The Obama administration has rebutted Sen. Tom Coburn’s list of projects he considers questionable stimulus spending with a list of its own. The New York Times reports: about 20 it categorized as “false,” about a dozen as “misleading”—and for about 16, the Times considers the administration’s response to be “’so what’ or simply, yes, that’s what the money was intended for.” About forty, though, are under review. An Obama spokesperson admitted that among the more than 20,000 projects approved so far, “there are bound to be some mistakes,” but retorted that “much of this seems to be little more than an objection to the Recovery Act itself.”

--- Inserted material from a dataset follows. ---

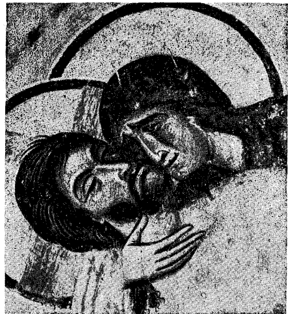
Ὁ ἐπιτάφιος θρῆνος. Λεπτομέρεια βυζαντινῆς τοιχογραφίας εἰς Νέρεζι Σερβίας, τέλους τοῦ 12ου αἰῶνος.

Another day, another prognostication: This time, a group of bankers says that the recession will end in the third quarter of 2009, according to Bloomberg. The advisory group of the American Bankers Association forecasts a growth in consumer spending, and steadily low interest rates until the end of 2010. The New York Times notes that new home construction saw a 17.2 percent increase. Still experts tell the Times that this doesn’t indicate that recovery is afoot. “While these levels of construction could mark a bottom, they are not likely to be the start of a turnaround, some experts said. ‘There’s a real possibility they will just stall at a low level,’ said Kenneth Simonson, chief economist of the Associated General Contractors of America. ‘If the recent jump in interest rates is sustained, that could choke off buyer enthusiasm for new homes.’”

USAToday gives voice to an AARP report that looks at how Baby Boomers will have to work for longer, save more, and spend less, in order to “reach any semblance” of the retirement they once imagined. According to AARP numbers, 35 percent of those between the ages of 45 and 54 have stopped putting money away into their 401(k), IRA or other retirement accounts, 25 percent said they’ve prematurely withdrawn funds from those retirement accounts, and 24 percent have postponed plans to retire. But there may even be a silver lining for seniors who rethink retirement: they’re still healthy enough to keep working. USA Today also covers on a State Department report which finds that human trafficking has increased 30 percent during the global recession.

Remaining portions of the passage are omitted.